▸ Work instructions: Using the data below, work out how many lines contain the word "годы", then state that number without comment.

■ ■ ■ ■

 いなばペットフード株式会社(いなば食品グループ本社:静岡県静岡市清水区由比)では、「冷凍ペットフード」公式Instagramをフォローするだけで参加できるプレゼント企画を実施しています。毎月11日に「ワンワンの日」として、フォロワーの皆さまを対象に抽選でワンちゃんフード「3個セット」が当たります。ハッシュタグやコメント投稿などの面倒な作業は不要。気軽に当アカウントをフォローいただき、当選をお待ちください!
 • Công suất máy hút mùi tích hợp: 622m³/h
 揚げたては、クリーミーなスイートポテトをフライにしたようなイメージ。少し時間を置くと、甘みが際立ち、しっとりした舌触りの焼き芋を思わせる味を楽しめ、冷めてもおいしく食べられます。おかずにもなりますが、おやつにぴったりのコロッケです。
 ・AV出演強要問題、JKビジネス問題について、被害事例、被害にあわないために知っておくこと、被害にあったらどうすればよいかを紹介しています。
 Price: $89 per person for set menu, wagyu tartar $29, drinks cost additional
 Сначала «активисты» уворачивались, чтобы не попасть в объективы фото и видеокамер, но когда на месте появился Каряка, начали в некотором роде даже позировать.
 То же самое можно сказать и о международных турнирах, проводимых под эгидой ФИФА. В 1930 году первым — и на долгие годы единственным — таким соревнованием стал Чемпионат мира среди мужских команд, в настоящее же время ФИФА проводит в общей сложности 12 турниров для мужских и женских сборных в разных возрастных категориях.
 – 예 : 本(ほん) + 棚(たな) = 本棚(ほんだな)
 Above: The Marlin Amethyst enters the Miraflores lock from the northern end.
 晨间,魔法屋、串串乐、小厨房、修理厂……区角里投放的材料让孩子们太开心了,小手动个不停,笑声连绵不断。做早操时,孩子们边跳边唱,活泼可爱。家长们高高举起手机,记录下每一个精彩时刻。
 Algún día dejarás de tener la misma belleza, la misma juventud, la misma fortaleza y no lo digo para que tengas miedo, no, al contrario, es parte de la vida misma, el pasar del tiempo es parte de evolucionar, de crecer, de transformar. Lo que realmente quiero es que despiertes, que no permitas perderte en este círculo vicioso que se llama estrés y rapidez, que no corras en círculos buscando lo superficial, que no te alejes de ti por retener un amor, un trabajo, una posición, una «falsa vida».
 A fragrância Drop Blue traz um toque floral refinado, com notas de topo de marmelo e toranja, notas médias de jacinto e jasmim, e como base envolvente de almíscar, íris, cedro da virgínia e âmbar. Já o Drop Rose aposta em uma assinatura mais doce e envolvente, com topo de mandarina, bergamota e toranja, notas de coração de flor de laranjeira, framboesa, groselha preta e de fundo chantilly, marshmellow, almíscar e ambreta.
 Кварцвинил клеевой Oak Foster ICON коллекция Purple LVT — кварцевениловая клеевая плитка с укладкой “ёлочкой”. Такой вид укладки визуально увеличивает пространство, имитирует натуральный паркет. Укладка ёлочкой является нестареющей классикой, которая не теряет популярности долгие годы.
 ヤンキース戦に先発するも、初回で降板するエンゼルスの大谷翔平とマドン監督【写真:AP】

■ ■ ■ ■

▸ Written reply: 2